Last night I dreamt that I was with Anya and D and we were trying to get out of Moscow by any means necessary and come home. As the dream progressed, D got younger and younger until he was an infant clinging to my side and trying to nurse on my fingers. Anya pushed her way through crowds of people, with a large patch worked backpack on her back, demanding someone help us. We had no phone, no money, and we would stop to sleep in doorways of shops when we got tired. At one point I saw an older gentleman with an iphone, and I asked him if I could use it to call home. We were sitting on the steps of a cafe, Anya leaning on me in a big black sheepskin coat, looking at a map, and D, now looking about 10 months old, wrapping his legs tightly around my waist and chewing contentedly on my hand. I kissed him over and over and smelled his hair and felt so scared of losing him. I remember thinking in my dream how I would give anything to be tucking them both in at home. I felt so alone and scared, and so shamed that I had no shelter for them. It started raining hard in my dream then, and as I waited for Nastia to answer the phone (I was calling her in my dream), my alarm went off and I woke up.

As sad as the dream felt, I would give anything to fall back into it tonight. Spending time with them, if even only in dreams, is worth the painful longing that comes with it.


  1. I enjoyed this post; It was so sad, (drowning kittens is "the norm" for these girls, your dream). And then i actually laughed out loud thinking of two cats "skyping"! Ha ha. My cat Oreo would not be impressed with that either!! It is nice to hear though that Anya has the desire and ability to bond with the little kitten that she kept.

  2. For a girl that feels her life mission is to educate people about wildlife conservation... this was a sad post!!! :( I love little kitties! Do you know why people is Russia do this to all but 1 cat? Is it just based on food?

  3. Keri,
    Maybe you are SUPPOSED to be in Russia! Like a permanent resident...... :) The video was precious.

  4. Melinda, I know, its devastating. but in this part of the world the poverty is so horrific that animal right are probably eons away from being a part of their mindset. They can barely keep themselves alive, so animals are often seen as things to be USED. Dogs are for security, for instance. Most dogs in this part of Russia are chained to a post their ENTIRE lives. Cats are eaten by those without the means to buy food. Its common for them to drown kittens and puppies and see that as an act of mercy. I saw packs of homeless dogs scrounging for anything to eat in the park near my home there. It is not a place for the faint hearted.

    Even those I knew who were educated, 'middle class' people saw nothing wrong with a dog spending his entire life on a 12 inch chain tied to a post, with little shelter. IN fact, I regularly saw people kick and beat their dogs. IT was horrifying.

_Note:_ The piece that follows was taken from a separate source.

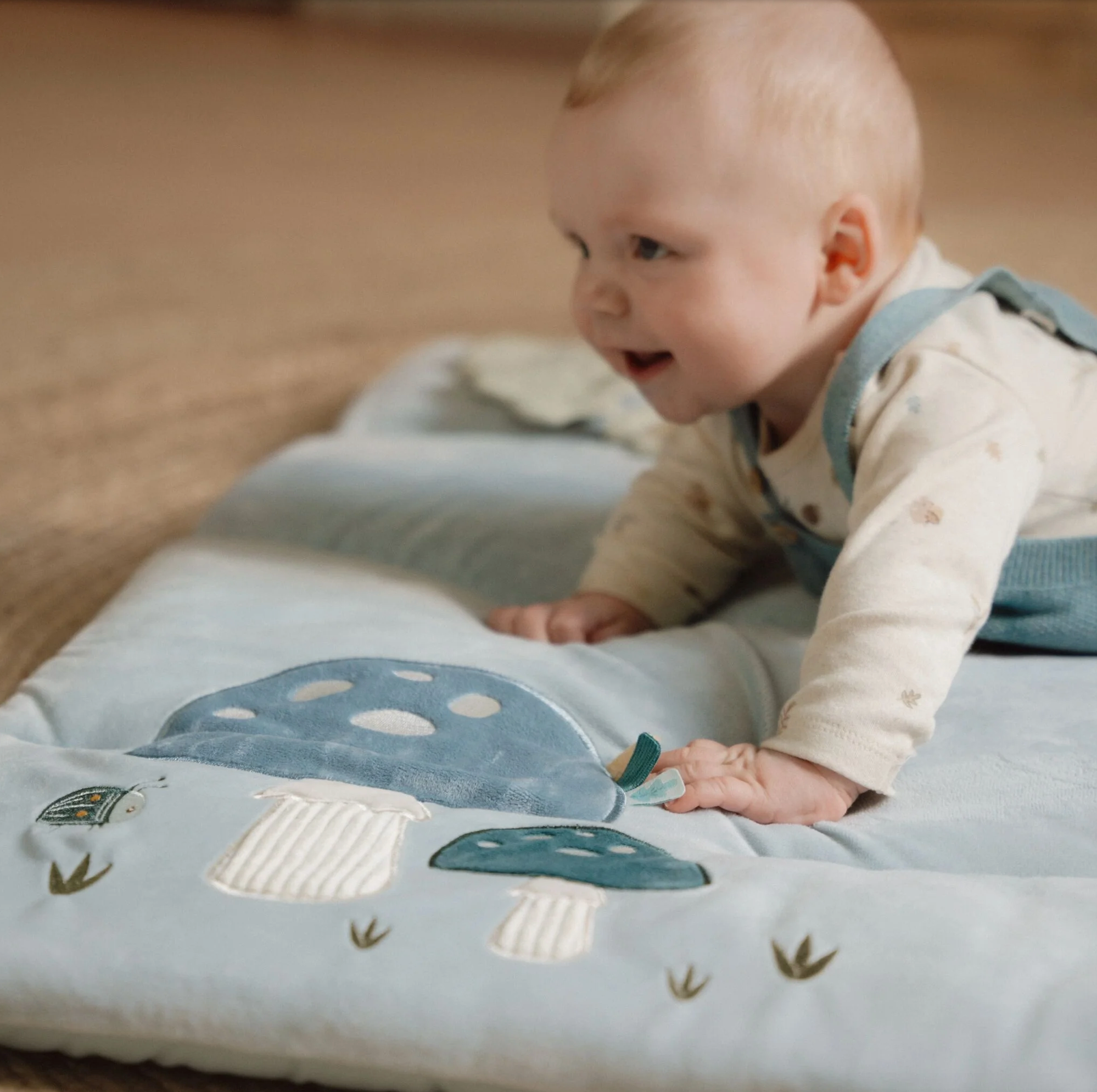 À 3 mois, bébé découvre les sons et les couleurs. Il développe ses muscles et apprend à les maîtriser. Bébé est de plus en plus dynamique, il réussit à se soulever et peut-être même se tourner pour se mettre sur le dos ou sur le ventre. Le tapis d'éveil est idéal à cet âge. Il tient de mieux en mieux sa tête, commence à appréhender le monde, commence à babiller... Il commence aussi à vouloir attraper les objets et adore les porter à sa bouche. Il se familiarise avec des sensations tactiles et permet de parfaire sa motricité en touchant. Il examine ses orteils, ses pieds, ses doigts, sa bouche, les objets... Bébé tente de deviner ce qu'il peut faire avec.

    Until someone lives there and educated them, this will continue to be common practice. If I had another lifetime to live, I might do just that. But my life is about the children there. Hopefully someone similar to you will take up the cause of animal rights there some day soon.

  5. They do that to animals in Poland also. i was born there so I've seen it first hand. they don't have animal shelters if your from a village i don't know about big cities. There is a lot of homeless animals running around so they can only afford one. they dont do animal adoptions there. even if its freezing outside the dogs are chained up..its just part of there lives and thats all they know .

  6. Heartbreaking post - I hope Anya and D both make it home with momma

  7. Sad, heartbreaking, and a startling reality check of how different the two worlds and perspectives are. It was a good reminder to me to stop and look at my kids perspective next time they're doing stuff that's "inappropriate."

  8. I'm sure you feel just heartsick to be separated. Oh, dear. Maybe we need to find Anya an American to marry. How clever you are to get the internet going at her home! I wonder how expensive that was.... I'd love to do that for the kids' families, but I doubt they have a computer, either.